The eating. We were warned about this in the beginning. We were told if anything keeps you in the hospital a long time it is the feeding (well, ha ha to that one because there is not only ONE thing that has kept us in the hospital! They were wrong there). Apparently, between working on the coordination of feeding and getting her gut used to food, getting Mira eating enough to put weight on is tricky and can take a couple of weeks as well.
There is something to be said about being in the middle of your daughter fighting for her life. You enter a survival mode, life narrows and becomes very focused, you don’t feel tired because you are living on adrenaline, and your life gets put on hold. And once her life is no longer in danger, you just….wake up. You realize that this is your LIFE. Your life.

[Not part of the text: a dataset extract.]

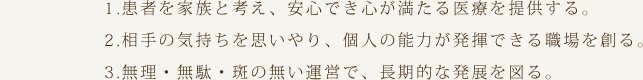 病院の存在の意味は、病める人は元よりそれに関わる人の生命を守り、人生を尊び健康で心豊かな社会生活を育むことにある。

You wonder how you can be happy in this new life when your daughter will be in the hospital for another few weeks and maybe even months. You stop living on adrenaline, which means you are exhausted and depleted. You also realize you have a very very long way to go....
The worst part of this for me is that I still don’t feel like a mom. Sometimes when I am in Target I pass the baby section and see women buying their babies clothes and I think-I am a mom too, I could do that. I could shop along with these women and buy my daughter clothes-I could try to feel normal for a minute. But I would bring those clothes home and I would pack them away because my daughter can’t wear clothes-she is hooked up to too many tubes and lines for her to wear clothes. Maybe that sounds shallow, but there are so many other examples of how I don’t feel like a mom. I can’t feed my daughter, I can’t hold her, I can’t show her the sun, I can’t take walks with her, I can’t breastfeed her, I can’t take naps with her, sometimes I can’t talk to her when she is really sick, I can’t put her in her car seat or stroller, I can’t rock her to sleep, I can’t dress her, I can’t changer her diaper, I can’t hear her cry, I can’t put moisturizer on her dry skin, I can’t give her a bath, I can’t watch her discover new things, I can’t take her home.
Maybe I should be thinking of all the things I CAN do with her and most of the time that is what I do. Yet, even doing that does not make me feel like a mom, and then I get annoyingly existential and try to figure out what being a mom really means to me. After a lot of thought, I think I’ve narrowed my meaning of being a mom down to something very simple. For me, being a mom means being there for your children no matter the situation. This situation sucks, it stinks, I hate it. And yet, I will be there every day for Mira, in the best way I can. It doesn’t feel like much, and it doesn’t include dressing or feeding or changing her right now, but it means being there for her in the way she needs. I can't say it enough-Mira, you keep teaching me how to be a better and stronger person every day.